ENNI: I think, particularly when you’re working with someone that…
KAUFMAN: You need to build piece by piece together, and take it in turns to put bricks down. So yeah, it started as a laugh, and then the alternate format grew so it was very quickly not just email but instant message, and security reports. And then one of the writers is an artificial intelligence, and it has taken some damages at the start of the book, so the way it writes becomes increasingly strange as it tries, and fails, to compensate for the damage. And that really freed up a lot of [what] we could do. And then we, fairly quickly, decided the book was way too weird for anyone to want to publish. And that it would be too unusual, and too hard to explain, and the production costs would be too high, and practical stuff like that. So, we just wrote a sample for fun, for playtime. You know? I’ve spoken a lot about how writing is playtime, and that’s what it was. No one was more surprised than us when it actually sold!
ENNI: That’s amazing. I think that’s so, so, cool. The thing that’s been popping up for me lately is the brainstorming process.
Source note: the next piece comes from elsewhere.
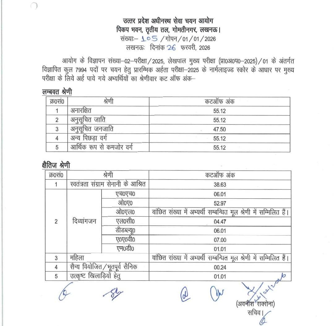 उत्तर प्रदेश अधीनस्थ सेवा चयन आयोग (UPSSSC) ने बहुप्रतीक्षित लेखपाल मुख्य परीक्षा के लिए श्रेणीवार (Category-wise) कटऑफ जारी कर दी है। यह कटऑफ प्रारंभिक अर्हता परीक्षा (UPSSSC PET) के नॉर्मलाइज्ड स्कोर के आधार पर तैयार की गई है। कुल 7,994 पदों के लिए 3,66,712 अभ्यर्थियों को मुख्य परीक्षा के लिए शॉर्टलिस्ट किया गया है। इसका मतलब है कि मुख्य परीक्षा में एक पद के लिए लगभग 46 उम्मीदवारों के बीच कड़ा मुकाबला होगा। जो भी अभ्यर्थी इस भर्ती प्रक्रिया का हिस्सा हैं, वे UPSSSC की आधिकारिक वेबसाइट (upsssc.gov.in) पर जाकर अपना स्कोर और एलिजिबिलिटी स्टेटस चेक कर सकते हैं।

When you’re doing something like that, first of all its super fun and it makes you - at least, I can’t speak for anyone else but for me – there’s a lot of shorthand. When I’m making my own outline, it’s like, “Yeah, yeah, but then this happens, and then this, and this, and this.” And then when you get into it, you’re like: “Oh crap. None of this makes sense.”
KAUFMAN: Ahh, there’s always a point in my outlines where I write, “Shenanigans Ensue.” That’s literally what I write. And later I’m like: “Oh past Amie. Why would you do that to me??”
ENNI: [As though shaking a fist in the air] Why?!
KAUFMAN: [Laughing] Because, then I’ve got to work out 20,000 words, what the shenanigans are. But yeah, there’s a lot of shorthand.
ENNI: When you’re talking it out with someone, you have to ask, “Well why would they do that?” and then you have to answer it.
KAUFMAN: You have to be more explicit about a lot of stuff.
ENNI: It probably saves drafts and drafts.
KAUFMAN: Yeah it does. And also, the fact that we edit each other as we go along. And revise as we go along. So, it’s pretty clean by the time we’re done. It’s not perfect, but it’s cleaner than it is when you write on your own, that’s for sure.
ENNI: Was the format ever… was there gnashing of teeth, “Why did we do this thing?”
KAUFMAN: No, honestly. I think the format and the narrative ended up working together. We worked very hard to make sure that it was a narrative that would work independently of the format. If you and I just sat down for a coffee and I said, “Well, there’s a girl and…” I could tell you the whole story without needing the format. That was important… that it not be a gimmick. But at the same time, the story and the format did weave together, so much, that it’s a story you would only really want to tell in this format. It wouldn’t be as exciting if it was straight narrative, I don’t think.
ENNI: When it is such a unique format, I’m curious about how you thought about extending it over a series. Did you think about switching it up, and going a different way for another book? Or did you always know you wanted to continue with that?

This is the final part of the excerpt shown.